Rozgrywka nie zaczęła się dobrze dla Kuby, gdy jego czołg parowy eksplodował w pierwszych dwóch rzutach bitwy, ale także i dla mnie, bo animozja powstrzymała część zielonych! Ze względu na początkowe rozstawienie jednostki były  blisko siebie, co doprowadziło do kilku szarż O&G już w drugiej turze. Było kilka interesujących pojedynków jak na przykład 3 lub 4 rundowa walka pomiędzy goblińskim rydwanem, a imperialnym war wagonem, czy niezniszczalny oddział zwykłych goblinów, które nie tylko przeżyły szarżę Mariusza Leitdorfa i jego pistolersów, którzy przybyli, aby pomóc armii, ale udało się zebrać i zabić Mariusza w następnej turze. Kurt Helborg pojawił się na lewej flance, ale jego Reiksguardzi nie mieli szczęścia i ponieśli kilka ofiar z nalotu doomndivera. Gigant wyjątkowo dobrze siał zniszczenie głównie krzycząc na wrogie jednostki!

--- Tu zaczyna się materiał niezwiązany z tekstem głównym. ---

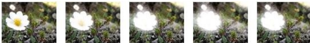
Figure 11: Effect of changes to intensity

The following figure demonstrates the effect applied to a picture with intensity values of zero, 2, 5, 7, and 10, respectively.
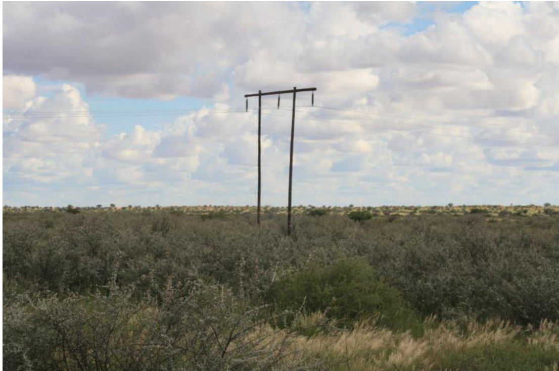
Figure 3. The dune streets are typically dominated by various densities of Catophractes alexandri (trumpet thorn) shrubs.
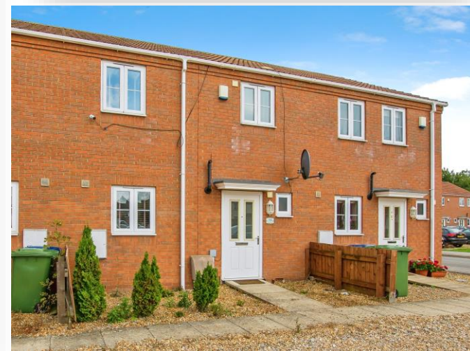
Mikanda Close, Wisbech PE13 2TU
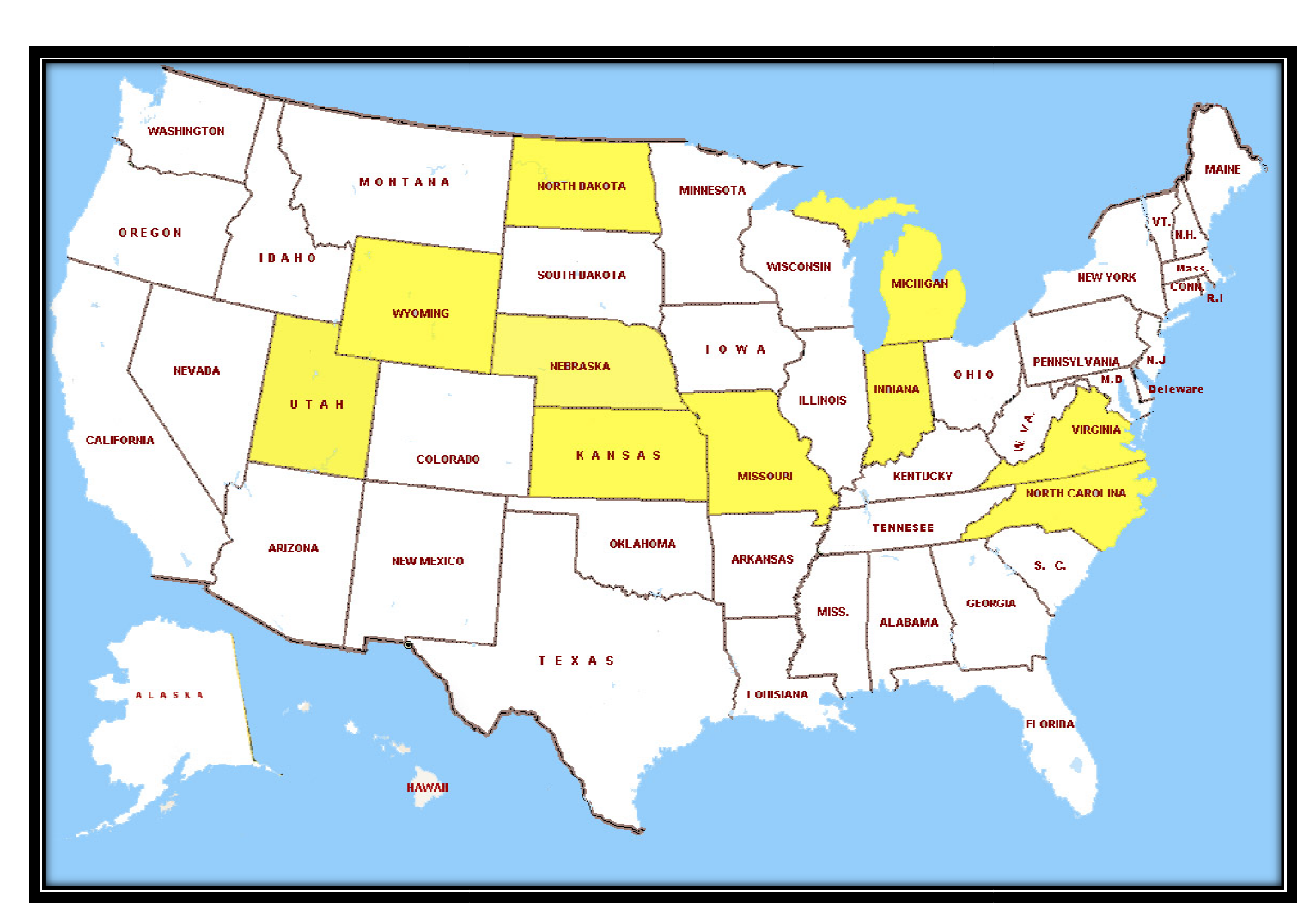
FIGURE 11 POLLINA CORPORATE TOP 10 PRO-BUSINESS STATES MAP

As Figure 11 illustrates, the geographic distribution of the Pollina Corporate Top 10 Pro-Business States (shaded area) is dominated by the West, with two states in the Southeast and two in the North. The biggest gaps are in New England, and the Pacific states.
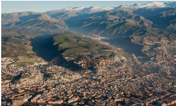
Aerial photo of the geographical environment of the city.

The Darro River Valley is one of the most unique geographical areas of the town, being the beginning of a historical river route towards Guadix and the Iberian southeast. It is currently in the process of being declared a Cultural Interest Asset (BIC) and it is a crucial moment to think about its present and future values.
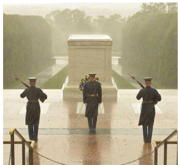
Duty and Fidelity at the Tomb of the Unknown Soldier Memorial Day at Arlington National Cemetery
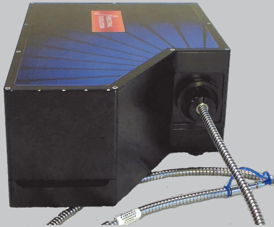
The SR-4500 has a fixed fiber mount that pairs the optical slit and fiber at the connection. The mount allows fibers to be interchanged if longer fibers are needed for a unique application.
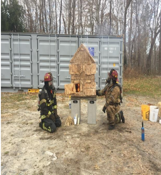
Fire Chief Training

Co zaskakujące, pomimo ciężkich strat, Imperium wygrało bitwę, "punktowo" zabijając więcej O&G, a także mając w wiosce jednostki pod koniec bitwy (dwa oddziały łuczników halflingów, które  zabawiały się w lokalnym pubie).

To była naprawdę fajna gra i myślę, że zdjęcia mówią same za siebie ...

Teraz czas wrócić do malowania kolejnych oddziałów Austriaków do Black Powdera.